Your copy should contain exactly the lines from the start of the material through the line containing "คุณนภินทร - คุณวีณา", and no pictures.

▶ [The data]:
____

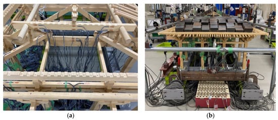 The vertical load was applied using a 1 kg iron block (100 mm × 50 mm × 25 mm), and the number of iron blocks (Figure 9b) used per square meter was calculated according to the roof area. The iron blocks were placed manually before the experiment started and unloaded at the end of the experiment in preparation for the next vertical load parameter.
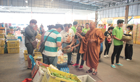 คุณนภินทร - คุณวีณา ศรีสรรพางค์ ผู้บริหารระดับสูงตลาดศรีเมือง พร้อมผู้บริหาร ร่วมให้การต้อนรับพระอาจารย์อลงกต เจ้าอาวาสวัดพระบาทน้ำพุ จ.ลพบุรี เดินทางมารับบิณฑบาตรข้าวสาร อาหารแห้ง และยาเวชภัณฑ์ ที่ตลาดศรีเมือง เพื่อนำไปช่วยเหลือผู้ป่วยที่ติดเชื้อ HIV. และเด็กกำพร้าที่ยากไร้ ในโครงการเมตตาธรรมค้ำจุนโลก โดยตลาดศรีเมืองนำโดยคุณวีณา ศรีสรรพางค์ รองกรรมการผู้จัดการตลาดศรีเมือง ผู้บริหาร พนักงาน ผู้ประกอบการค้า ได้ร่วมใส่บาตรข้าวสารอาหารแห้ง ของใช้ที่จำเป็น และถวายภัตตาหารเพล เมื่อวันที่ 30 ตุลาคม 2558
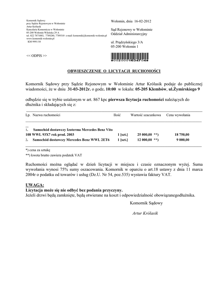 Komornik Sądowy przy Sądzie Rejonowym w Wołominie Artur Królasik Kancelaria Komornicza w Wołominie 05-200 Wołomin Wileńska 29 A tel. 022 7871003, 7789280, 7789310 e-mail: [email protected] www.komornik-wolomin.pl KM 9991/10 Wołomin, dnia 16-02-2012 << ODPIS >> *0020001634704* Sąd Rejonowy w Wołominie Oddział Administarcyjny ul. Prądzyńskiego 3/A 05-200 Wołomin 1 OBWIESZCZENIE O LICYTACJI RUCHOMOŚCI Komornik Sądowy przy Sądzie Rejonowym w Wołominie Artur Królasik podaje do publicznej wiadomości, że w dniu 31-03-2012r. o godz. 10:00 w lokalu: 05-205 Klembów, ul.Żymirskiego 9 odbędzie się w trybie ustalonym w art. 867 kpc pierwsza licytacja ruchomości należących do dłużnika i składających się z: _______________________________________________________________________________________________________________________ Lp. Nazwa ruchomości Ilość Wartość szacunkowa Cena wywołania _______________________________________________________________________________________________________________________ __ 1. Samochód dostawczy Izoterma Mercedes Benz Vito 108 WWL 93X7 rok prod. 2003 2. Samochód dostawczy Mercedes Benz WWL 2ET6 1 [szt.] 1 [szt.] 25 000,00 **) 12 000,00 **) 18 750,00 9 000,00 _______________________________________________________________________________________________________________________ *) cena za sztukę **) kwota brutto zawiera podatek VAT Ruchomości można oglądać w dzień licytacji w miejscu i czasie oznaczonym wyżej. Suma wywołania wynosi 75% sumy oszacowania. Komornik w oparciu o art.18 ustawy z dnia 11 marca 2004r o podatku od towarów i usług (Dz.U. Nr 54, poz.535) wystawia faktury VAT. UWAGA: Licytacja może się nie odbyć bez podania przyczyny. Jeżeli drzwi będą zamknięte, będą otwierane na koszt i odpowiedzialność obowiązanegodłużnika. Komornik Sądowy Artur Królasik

____

▶ [Answer area]:
 The vertical load was applied using a 1 kg iron block (100 mm × 50 mm × 25 mm), and the number of iron blocks (Figure 9b) used per square meter was calculated according to the roof area. The iron blocks were placed manually before the experiment started and unloaded at the end of the experiment in preparation for the next vertical load parameter.
 คุณนภินทร - คุณวีณา ศรีสรรพางค์ ผู้บริหารระดับสูงตลาดศรีเมือง พร้อมผู้บริหาร ร่วมให้การต้อนรับพระอาจารย์อลงกต เจ้าอาวาสวัดพระบาทน้ำพุ จ.ลพบุรี เดินทางมารับบิณฑบาตรข้าวสาร อาหารแห้ง และยาเวชภัณฑ์ ที่ตลาดศรีเมือง เพื่อนำไปช่วยเหลือผู้ป่วยที่ติดเชื้อ HIV. และเด็กกำพร้าที่ยากไร้ ในโครงการเมตตาธรรมค้ำจุนโลก โดยตลาดศรีเมืองนำโดยคุณวีณา ศรีสรรพางค์ รองกรรมการผู้จัดการตลาดศรีเมือง ผู้บริหาร พนักงาน ผู้ประกอบการค้า ได้ร่วมใส่บาตรข้าวสารอาหารแห้ง ของใช้ที่จำเป็น และถวายภัตตาหารเพล เมื่อวันที่ 30 ตุลาคม 2558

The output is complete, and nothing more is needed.